重排器

在本 Notebook 中,我们将展示如何使用 RedisVL 根据输入查询对搜索结果(文档、块或记录)进行重排。目前 RedisVL 支持通过以下方式进行重排:

在运行本 Notebook 之前,请确保:

  1. 已安装 redisvl 并为本 Notebook 激活该环境。
  2. 有一个正在运行的 Redis Stack 实例,并激活了 RediSearch > 2.4。

例如,您可以使用 Docker 在本地运行 Redis Stack

docker run -d -p 6379:6379 -p 8001:8001 redis/redis-stack:latest

这将使 Redis 在端口 6379 上运行,RedisInsight 在 http://localhost:8001 上运行。
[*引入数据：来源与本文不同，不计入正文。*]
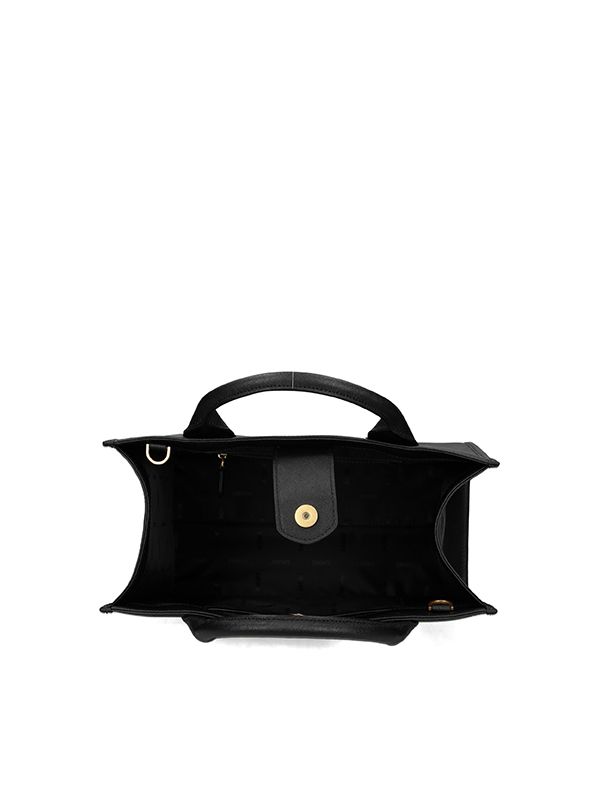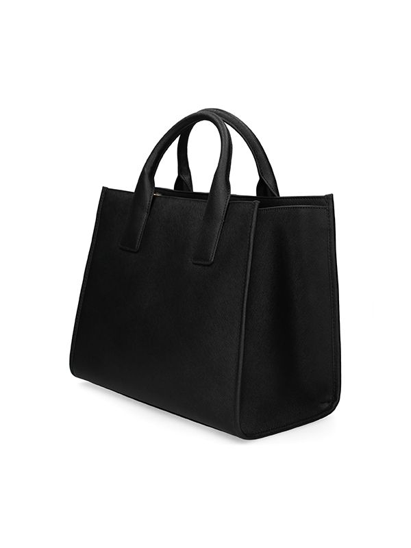 Magnetic fastening, open top, two top handles, adjustable detachable shoulder strap, logo plaque.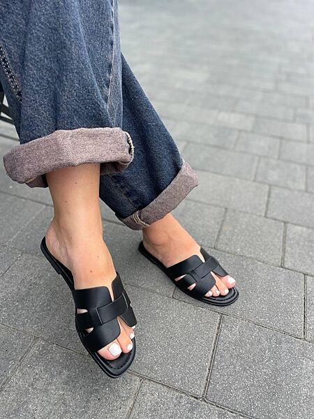 Подробное описание: Удобные шлепанцы женские из искусственной кожи черные на низком ходу YES MILE SF-16 р. 36-41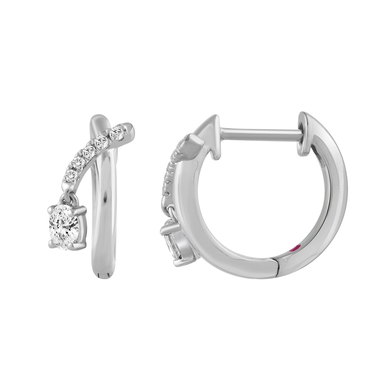 18K WHITE GOLD 1/4CT ROUND/OVAL DIAMOND LADIES HOOP EARRINGS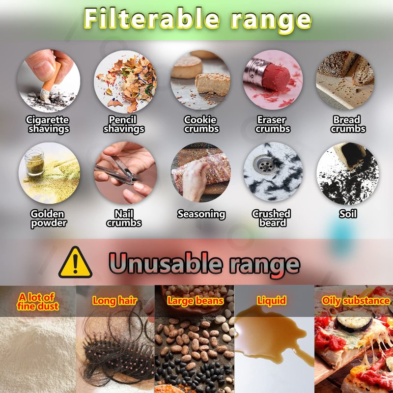- 【High Suction and Low Noise】Your table aspirator can suck up Rubber scurfy or Cigarette ash or Bread crumbs or Fine Particle or Dust Ash Pet Fur because of 1300Pa of suction power.Your table aspirator spins at up to 13500 rpm compared to 6000 rpm of other cleaner.Yet, it is quiet enough for you to read or sleep while it cleans.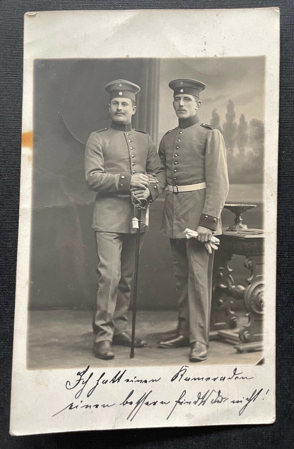 Porträt Soldaten Uniform Schirmmütze Degen Bart Militär Krieg Landshut 410105 TH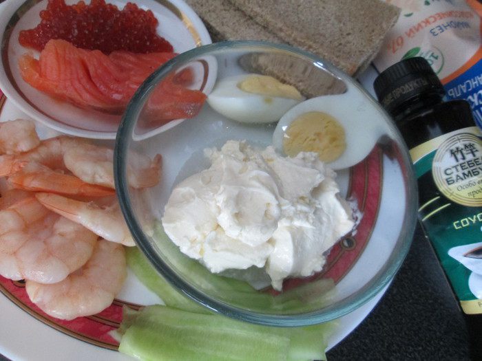 Приготовим соус: смешаем майонез, сметану, соевый соус и красный перец. Уберем в холодильник на полчаса.

# import necessary modules
import os

简单重排

重排为传统(词法)或语义搜索策略生成的搜索结果提供关联度提升。

作为一个简单演示,请看下面的段落和用户查询:

query = "What is the capital of the United States?"
docs = [
    "Carson City is the capital city of the American state of Nevada. At the 2010 United States Census, Carson City had a population of 55,274.",
    "The Commonwealth of the Northern Mariana Islands is a group of islands in the Pacific Ocean that are a political division controlled by the United States. Its capital is Saipan.",
    "Charlotte Amalie is the capital and largest city of the United States Virgin Islands. It has about 20,000 people. The city is on the island of Saint Thomas.",
    "Washington, D.C. (also known as simply Washington or D.C., and officially as the District of Columbia) is the capital of the United States. It is a federal district. The President of the USA and many major national government offices are in the territory. This makes it the political center of the United States of America.",
    "Capital punishment (the death penalty) has existed in the United States since before the United States was a country. As of 2017, capital punishment is legal in 30 of the 50 states. The federal government (including the United States military) also uses capital punishment."
]

重排的目标是为初始搜索结果提供更精细的质量改进。使用 RedisVL,这很可能是来自全文搜索或向量搜索等搜索操作的结果。

使用 Cross-Encoder 重排器

要使用 cross-encoder 重排器,我们需要初始化一个 HFCrossEncoderReranker 实例,并传递一个合适的模型(如果未提供模型,则使用 cross-encoder/ms-marco-MiniLM-L-6-v2 模型)

from redisvl.utils.rerank import HFCrossEncoderReranker

cross_encoder_reranker = HFCrossEncoderReranker("BAAI/bge-reranker-base")

使用 HFCrossEncoderReranker 重排文档

通过获得的重排器实例,我们可以根据与初始查询的相关性对文档列表进行重排和截断。

results, scores = cross_encoder_reranker.rank(query=query, docs=docs)
for result, score in zip(results, scores):
    print(score, " -- ", result)
0.07461125403642654  --  {'content': 'Washington, D.C. (also known as simply Washington or D.C., and officially as the District of Columbia) is the capital of the United States. It is a federal district. The President of the USA and many major national government offices are in the territory. This makes it the political center of the United States of America.'}
0.05220315232872963  --  {'content': 'Charlotte Amalie is the capital and largest city of the United States Virgin Islands. It has about 20,000 people. The city is on the island of Saint Thomas.'}
0.3802368640899658  --  {'content': 'Carson City is the capital city of the American state of Nevada. At the 2010 United States Census, Carson City had a population of 55,274.'}

使用 Cohere 重排器

要初始化 Cohere 重排器,您需要安装 cohere 库并提供正确的 Cohere API Key。

#!pip install cohere
import getpass

# setup the API Key
api_key = os.environ.get("COHERE_API_KEY") or getpass.getpass("Enter your Cohere API key: ")
from redisvl.utils.rerank import CohereReranker

cohere_reranker = CohereReranker(limit=3, api_config={"api_key": api_key})

使用 CohereReranker 重排文档

下面我们将使用 CohereReranker 根据与初始查询的相关性对上面的文档列表进行重排和截断。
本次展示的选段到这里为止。